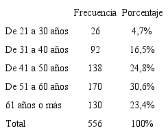 Como se puede comprobar en los grupos de edades (Tabla 1) encon tramos que un 54% de la muestra cuenta con 51 años o más.
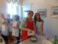 At this point Angelo was going to take us for some amazing gelato – we had eaten gelato at least once a day for a week, but Angelo assured us that we were in for a treat. Unfortunately, we were all very full… so we moved on to an even better surprise. Señor Angelo took us to his home! Here we met his charming wife – she grew up in Boston, but when she married Angelo he informed her that she would need to learn to cook Italian… and she has. We all crowded into her kitchen and were taught how to make tiramisu! Only one problem – the biscuits are supposed to soak in coffee… and here I had to let them know that we do not drink coffee but usually just substitute milk. These kind women did not miss a beat – immediately they were making hot chocolate and we soaked with this instead. They had us add a layer of chopped chocolate in the middle so the flavors blended beautifully – it was delicious. While it soaked we simply enjoyed being in their home…
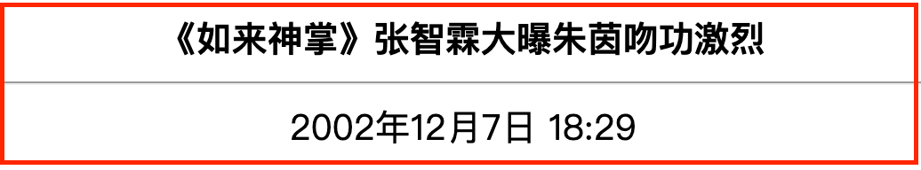 同年,张智霖与朱茵合作《如来神掌》,两人的亲密戏份尺度颇大,朱茵“以嘴含酒”传送到张智霖口中,为其“暖身”。
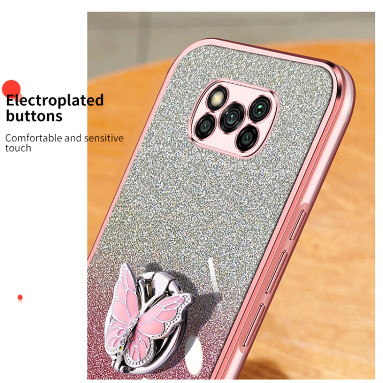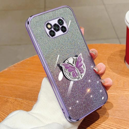 Para Xiaomi Poco X3 Funda para Teléfono de TPU con Soporte de Mariposa con Brillo Degradado Plateado (Púrpura)
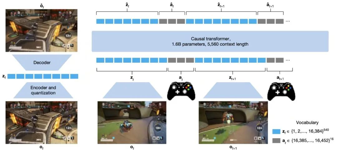 WHAM 模型使用了 3D 多玩家战斗模拟器《嗜血边缘》中大量的人类玩家玩法数据,包括游戏视觉画面和控制器动作。选择 Transformer 结构作为其序列预测的骨干网络,并且使用 VQGAN 图像编码器将图像编码分散。 token 序列,练习真实的人类游戏玩法数据,WHAM 能准确预测游戏环境? 3D 结构,控制器的动作效果,以及游戏的时空结构。

++++++++

• REQUIRED WORK: Transcribe the records above exactly and drop every picture.

• SOLUTION TO THIS TASK:
 Como se puede comprobar en los grupos de edades (Tabla 1) encon tramos que un 54% de la muestra cuenta con 51 años o más.
 At this point Angelo was going to take us for some amazing gelato – we had eaten gelato at least once a day for a week, but Angelo assured us that we were in for a treat. Unfortunately, we were all very full… so we moved on to an even better surprise. Señor Angelo took us to his home! Here we met his charming wife – she grew up in Boston, but when she married Angelo he informed her that she would need to learn to cook Italian… and she has. We all crowded into her kitchen and were taught how to make tiramisu! Only one problem – the biscuits are supposed to soak in coffee… and here I had to let them know that we do not drink coffee but usually just substitute milk. These kind women did not miss a beat – immediately they were making hot chocolate and we soaked with this instead. They had us add a layer of chopped chocolate in the middle so the flavors blended beautifully – it was delicious. While it soaked we simply enjoyed being in their home…
 同年,张智霖与朱茵合作《如来神掌》,两人的亲密戏份尺度颇大,朱茵“以嘴含酒”传送到张智霖口中,为其“暖身”。
 Para Xiaomi Poco X3 Funda para Teléfono de TPU con Soporte de Mariposa con Brillo Degradado Plateado (Púrpura)
 WHAM 模型使用了 3D 多玩家战斗模拟器《嗜血边缘》中大量的人类玩家玩法数据,包括游戏视觉画面和控制器动作。选择 Transformer 结构作为其序列预测的骨干网络,并且使用 VQGAN 图像编码器将图像编码分散。 token 序列,练习真实的人类游戏玩法数据,WHAM 能准确预测游戏环境? 3D 结构,控制器的动作效果,以及游戏的时空结构。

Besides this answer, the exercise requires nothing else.